Capítulo 15: Greyson.

NARRA DAVEN

Después de haber salido un par de horas con Olivia, me dirijo a mi habitación.

Veo a Kelsey en el pasillo y le sonrío. Ella hace lo mismo, pero su sonrisa es borrada por una mueca y por un quejido que sale de su boca.

Corro hacia ella, pero antes de que llegue, su cuerpo cae y logro llegar a tiempo para tomar su cabeza antes de que se estampe contra el suelo. Esto no es normal y sé que debo llamar a un doctor.

Tomo a Kelsey en mis brazos y corro a mi habitación. Llamo a Greyson y este me indica que en unos minutos llegará a la mansión.

Diez minutos después este aparece por la puerta de mi habitación y se dirige hacia mí para saludarme. Greyson y yo somos amigos desde hace años, esa es la razón por la cual ha venido hasta aquí.

—Gracias por venir.

—Sabes que estoy para todo, hermano.

Asiento y él se acerca a Kelsey. Veo como hace el intento de desvestirla, pero quito sus manos de este.

—¿Qué demonios crees que estás haciendo? —Digo frunciendo mi ceño.

—Tranquilo, Daven. Soy doctor y necesito revisarla. Además, mi fin no es el que estás pensando.

—Está bien, pero yo lo haré. —Digo acercándome a ella.
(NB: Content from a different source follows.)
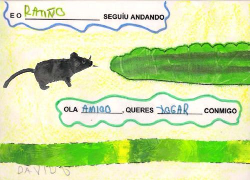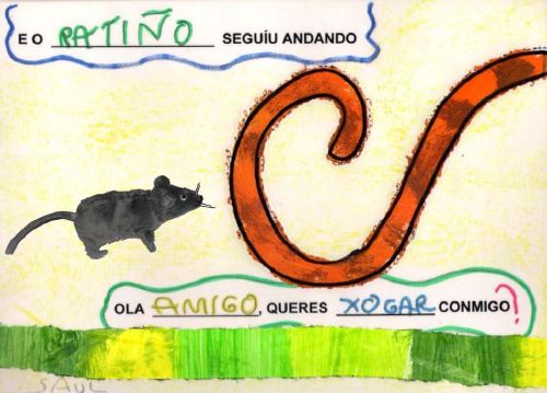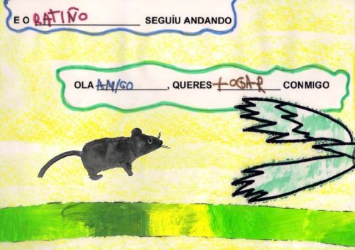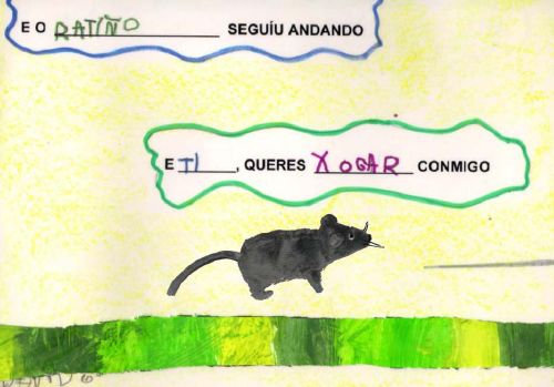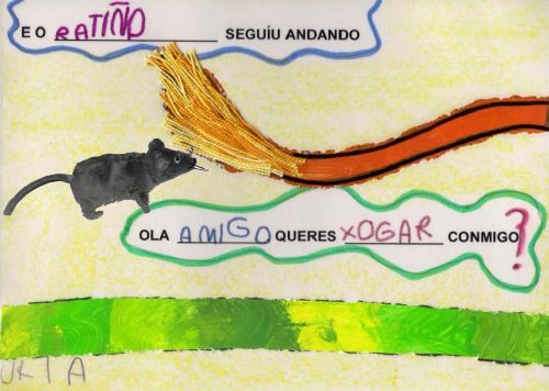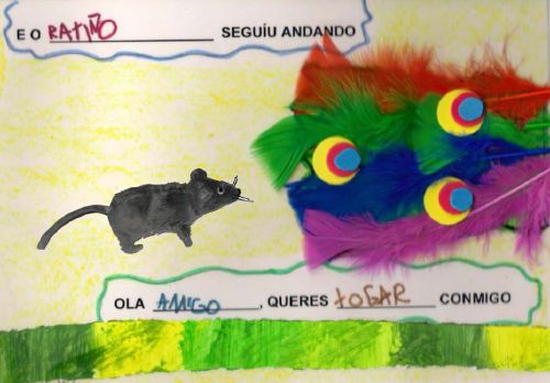 Un novo curso e un novo proxecto na aula de 4 anos A. Ano tras ano tentamos fomentar no noso alumnado o hábito e o gusto pola lectura dun xeito moi atractivo. A lectura é a chave que abre a porta ós coñecementos, a ilusión e a fantasía. A escola emprega esta chave para facilitar a incorporación dos nenos e nenas á cultura e os valores da nosa sociedade; é a mediadora entre os libros e os nenos e nenas. O obxectivo con este novo proxecto foi o de formar lectores que sexan capaces de comprender o significado do que len tanto polo que se di como polo contexto no que se desenvolve. Conta as aventuras dun ratiño que sae a buscar amigos. Atópase con distintas colas de animais pero ningún deles está interesado na súa amizade. Todos están demasiado ocupados para adicarlle tempo o ratiño ata que se atopa cunha cola pequena e gris ¿poderá a súa dona ser a súa amiga? Terás que seguir o noso proxecto se queres descubrilo. Aprendemos que nesta sociedade na que o tempo parece ser tan escaso e valioso, na que parece imposible ter un oco libre (o traballo, as compras, atelevisión, as tarefas da casa, ...), sempre se pode atopar un oco para os demais e todos debemos ter esto como propósito. E ademais o importante que é ter un amigo e que todos debemos tentar ser un deses amigos que precisan os outros. Tamén aprendemos moitísimas cousas dos animais. Se queres seguir aprendendo con nós podes realizar as seguintes actividades: |
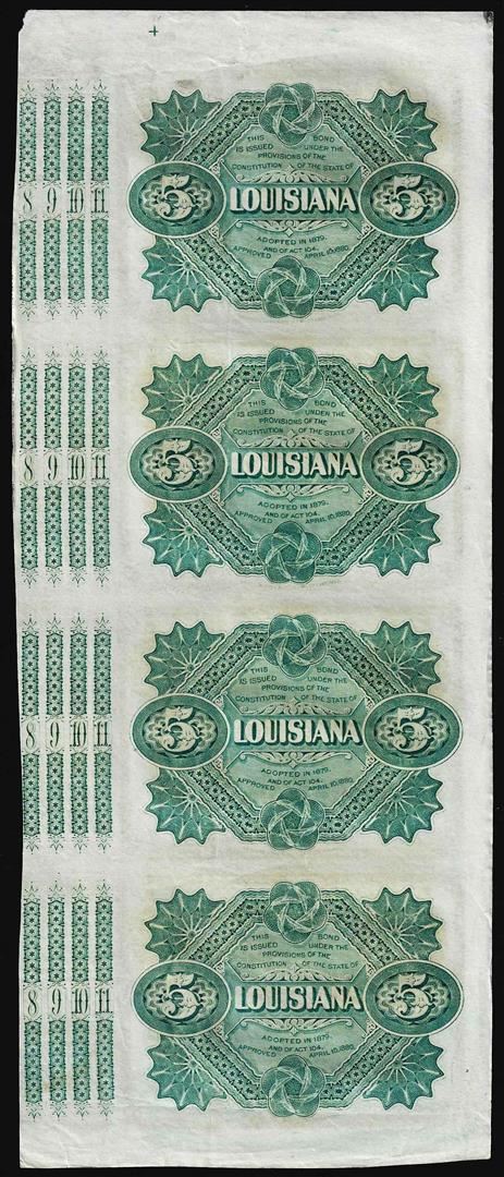 One Uncut Sheet of (4) State of Louisiana Baby Bond Obsolete Notes.

Tomo delicadamente su cuerpo y le quito el suéter haciendo que solo quede con una pequeña camisa de tirantes. Miro a Greyson y el asiente. Tomo la camisa que cubre un poco sus pechos y se la quito. Agradezco porque está usando sostén, pero aún así no estoy de acuerdo con que alguien más la esté mirando.

Greyson se acerca a Kelsey y yo me hago a un lado. Él le hace un pequeño chequeo y cuando termina, revisa su cuerpo. Veo que frunce su ceño en algunos momentos, mientras observa detenidamente a Kelsey.

—¿Qué sucede? —Pregunto.

—¿Por qué su cuerpo tiene hematomas?

Dirijo mi mirada a este y veo que el hematoma de su estómago y la quemadura es casi inexistente, pero el color aún se nota si lo ves fijamente. Observo su cara e inconscientemente pongo mi mano en su mejilla, está completamente pálida y tiene algunos cabellos rebeldes en su frente. El hematoma que tenía en su mejilla cuando la conocí, ya no está, pero al dirigir mi mirada a sus manos, veo que tiene marcas y de inmediato caigo en cuenta que fui yo el que se las causó.

Su piel es blanca y muy sensible, tan sensible que si la tocas, le quedan las marcas de tus dedos en su piel que claramente se borran poco a poco. Pero esta vez no fue así, esta vez la tomé muy fuerte de sus muñecas sin darme cuenta y ahora tiene varios círculos con una tonalidad verde claro alrededor en ellas por mi culpa.

—¿Tú se lo hiciste? —Escucho una voz detrás mío.

—¿Qué?

—¿Fuiste capaz de hacerle esas marcas a una mujer? —Dijo mirándome con un poco de furia en sus ojos.

—¿Qué mierda dices? —Digo levantándome rápidamente y acercándome a Greyson.

—¿Ahora eres un cobarde que le peg...

—Ni se te ocurra terminar de decir esa frase. —Lo interrumpo—. Los hematomas que tiene en su cuerpo no se los hice yo. —Digo señalando su estómago.

—¿Y que me dices de la quemadura en su brazo? —Me miró fijamente.

—Fue un accidente.

—Un accidente. —Se ríe sarcásticamente—. ¡Por tu culpa está así! —Eleva su tono de voz.

—¿Crees que sería capaz de causarle daño a ella? ¡Por Dios, Greyson! ¡Está en mi casa para evitar que le sigan haciendo daño! ¡Jamás le levantaría una mano a una mujer y menos a ella! —Hablo de la misma manera que él.

Greyson vuelve su cara a ella y luego a mí.

—Perdón, amigo. —Dice calmándose y poniendo una mano en mi hombro—. A veces sueles ser un poco frío y duro con las personas. Me dejé llevar por eso, lo siento.

—Me conoces. Sabes que prefiero cortarme las manos antes de levantarle una mano a una mujer, claro, a no ser de que seas tú.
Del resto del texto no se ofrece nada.